Random day's events:

-The kindergarten teacher that totally intimidates me and I feel like hates me, Mr. Christman, actually said more than just a solemn "hey" when I left! Progress.
-My "brother" is staying in Costa Mesa instead of going home for spring break so we will hang out.
-The oatmeal raisin and cranberry cookies I made yesterday were much appreciated by my co-workers who received them. Apparently I bake well.
-I laughed at my after school kids who were turned into germaphobes by the nurse's lesson on hand washing.
-A highlight of the day was swinging on the swings with 3 of the kids from my class. I forgot how much I love doing that!
-I played soccer with the kids and found that somehow my skills after not playing for years have actually improved... or maybe I was just playing with 9 yr olds...
-Jack Johnson and John Mayer sang me home.
-My roommates were not woken up by a small social gathering I had in the backyard with 8 people until nearly 1am. I felt like I had a worried look on my face the whole time because I was so paranoid that we'd be waking them up and they'd hate me in the morning.
-I made a crazy dinner that was reeeeaaaalllly good, but caused frustration. It was quinoa with black beans, sweet potato, chili flakes, lime juice, and cilantro. The black beans called for in the recipe sent me to the store only to come back home to not find the can opener. After 30 minutes of searching I resorted to using the tail end of a hammer on the lid.... Bean juice sprayed all over the wall.

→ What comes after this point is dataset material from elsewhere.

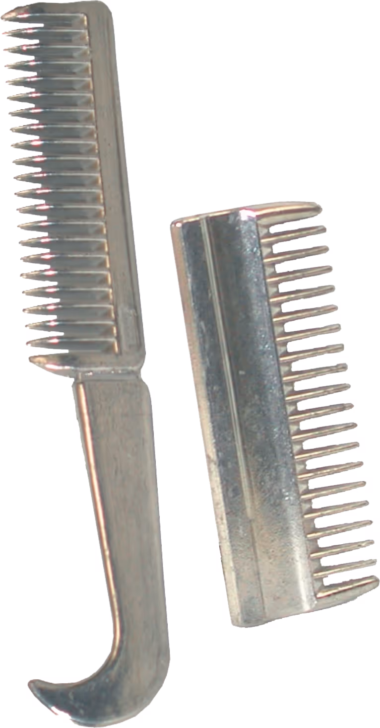 "Peignes en aluminium Peigne avec manche pour démêler la queue Peigne sans manche pour raccourcir et natter la crinière Conseil : utiliser la lotion lustrante et démêlante pour faciliter le toilettage"

I was on the phone with my brother (the stud who was asked to the sadie hawkens dance today!!) at the time and we thought it was hilarious.
-It's Friday.

This really has been a strange week. With major highs and lows from very good to very bad... from a car accident, insurance frustrations to hanging out with quality people, seeing Wicked, and cooking triumphs. Since Sunday I haven't slept very well and I haven't been eating much. I felt like my body was shutting down last night when I was shivering in bed until I piled blankets on top of me.

So that's a really long blog to say where I'm at right now. I have something I shouldn't worry about anymore and I'm still worrying and something that should cause me anxiety but I have the assurance that what will be will be. Really confusing and lots of thoughts and random things. But either way, God is at my elbow and I'm his baby even though I have the significance of a grain of sand.